Discussion in 'Sports and News' started by Dick Whitman, Jan 28, 2015.

  1. MisterCreosote

    MisterCreosote Well-Known Member

    They were directly available to the public before. So, Pence spent $100K on an "editorial staff" and a new website solely to maintain the status quo?
     
  2. Dick Whitman

    Dick Whitman Well-Known Member

    Why is Mike Pence is obligated to give the Indianapolis Star help maintaining its credibility with the public?
     
  3. MisterCreosote

    MisterCreosote Well-Known Member

    #Notallgovernment.
     
  4. da man

    da man Well-Known Member

    The "precedent" was set several years ago. Sites like this are already operating all over the country. Every government in every state and municipality tries to control the message and always has. As long as they don't stop the media from reporting on the government, there is no problem.
     
    Hokie_pokie likes this.
  5. Dick Whitman

    Dick Whitman Well-Known Member

    I'll go a step further. As long as the don't violate statutory public records laws, impose prior restraint, or toss reporters in jail for things they've written, there is no problem.
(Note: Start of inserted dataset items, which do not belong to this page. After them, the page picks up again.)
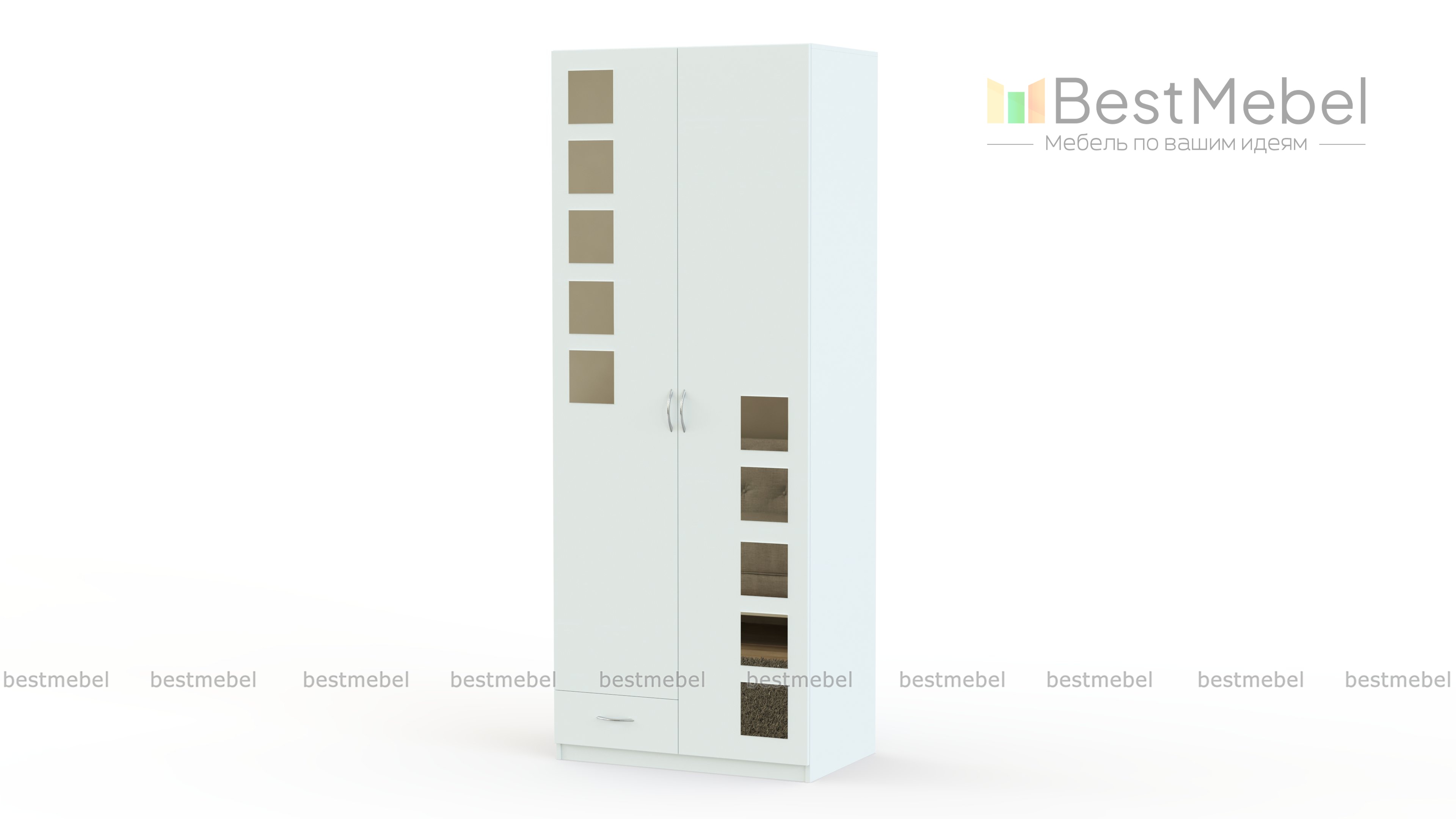 Распашной шкаф Паулина 27.3 BMS – это двухдверная модель с платяным отделением, дополненная в нижней части выдвижным ящиком для мелочей. Удобный доступ к вещам обеспечат традиционные распашные дверцы, а залогом долговечности станет надежная фурнитура. Шкаф лаконичен по форме и выполнен в светлых тонах, фасад декорирован квадратными зеркальными накладками. Купить распашной шкаф Паулина 27.3 BMS, уместный в любой из помещений дома, приглашаем недорого в наш интернет-магазин.
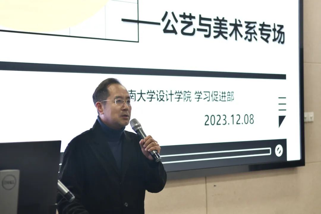 系主任赵昆伦老师从考研升学选择方向以及必要性、就业建议、公共艺术在未来大概的发展方向、本科阶段应该准备什么、学科竞赛等方面进行答疑,他指出公共艺术与数字化技术相结合的概念、工艺术语品牌设计、公共艺术与社会需求的结合以及公共艺术在空间中的技术融合是值得关注的方向。他认为对于学生来说需要与老师进行沟通,了解课程设置和方向,明确自己的兴趣和目标。学习美术的过程中要通过提高自己的学术思考能力和文化素养的积累,以及落实具体的技能。
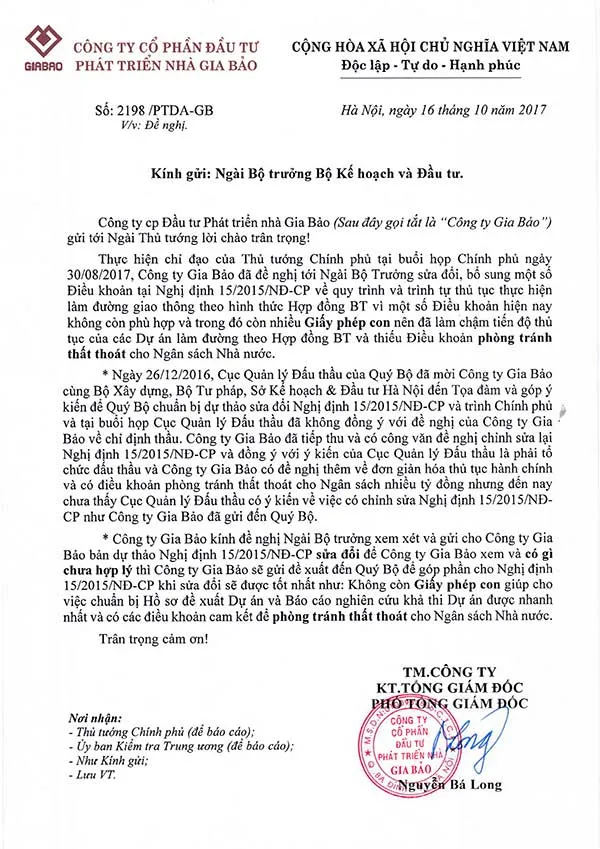 | Gửi cả Văn phòng Trung ương, Ủy ban Kiểm tra Trung ương Nguồn tin từ Bộ KH&ĐT cho hay bộ này đã từng trả lời nhiều lần kiến nghị của Công ty Gia Bảo cùng một số cá nhân chung địa chỉ với công ty này. Tuy vậy, nhiều văn bản chuyển phát đi lại bị trả về Bộ. Được biết ngoài việc kiến nghị sửa Nghị định 15/2015, Công ty Gia Bảo còn kiến nghị Thủ tướng cho phép thực hiện dự án đường sắt trên cao tuyến Yên Viên-Ngọc Hồi. Đối với TP.HCM, công ty này cũng đã 15 lần đề nghị cho phép nghiên cứu khả thi dự án “Phục hồi bán đảo Thanh Đa-Bình Quới hết ô nhiễm”. Trong các công văn của Công ty Gia Bảo, ngoài thành phần được gửi trực tiếp thì đều ghi gửi tới cả Văn phòng Trung ương Đảng, Ủy ban Kiểm tra Trung ương Đảng. |

    Mike Pence isn't obligated to hold another press conference, do another one-on-one, or issue another press release for as long as he's governor.
     
    Hokie_pokie likes this.
  6. da man

    da man Well-Known Member

    No, he wants to get more content out there. That isn't a problem, either.
     
  7. da man

    da man Well-Known Member

    Oh, and I don't get how this news service interferes with the media, or obfuscates any more than any government entity already obfuscates (that is a great word, by the way).
     
  8. MisterCreosote

    MisterCreosote Well-Known Member

    Thats a great way to serve and earn the respect one's constituents.

    Transparency is a cornerstone of democracy. The legacy media not having the trust or the resources to ensure that anymore Is a problem. To which this is not a solution.
     
  9. da man

    da man Well-Known Member

    You are both correct. The governor does not have to talk to the media. And that would not serve his constituents.

    Know what would happen if he didn't? He wouldn't get re-elected.

    The lack of trust in the media and the media's lack of resources, however, have nothing at all to do with this issue nor with any "news service" started by the state government.
     
  10. MisterCreosote

    MisterCreosote Well-Known Member

    Sure it does. I've heard this line of argument several times already: "All the paper does is run the press release verbatim anyway. Might as well take out the middle man."
     
  11. britwrit

    britwrit Well-Known Member

    You see this in London as well. A handful of boroughs have been publishing weekly "newspapers" (or things that look like newspapers well enough supposedly to fool people) for the last few years. Commercial newspapers have raised a stink about this, saying that they were taking away readers and more important, advertising.

    If (...and only if...) Indiana is promoting a "news service" that takes customers away from private media outlets, how is this not government intrusion in the free market? I'm not talking about a website that provides press releases, information about highway closures or whatever, basic information that every citizen could or should need. I'm talking about a "news outlet in its own right."
     
  12. Dick Whitman

    Dick Whitman Well-Known Member

    Is it any moreso than public schools, though?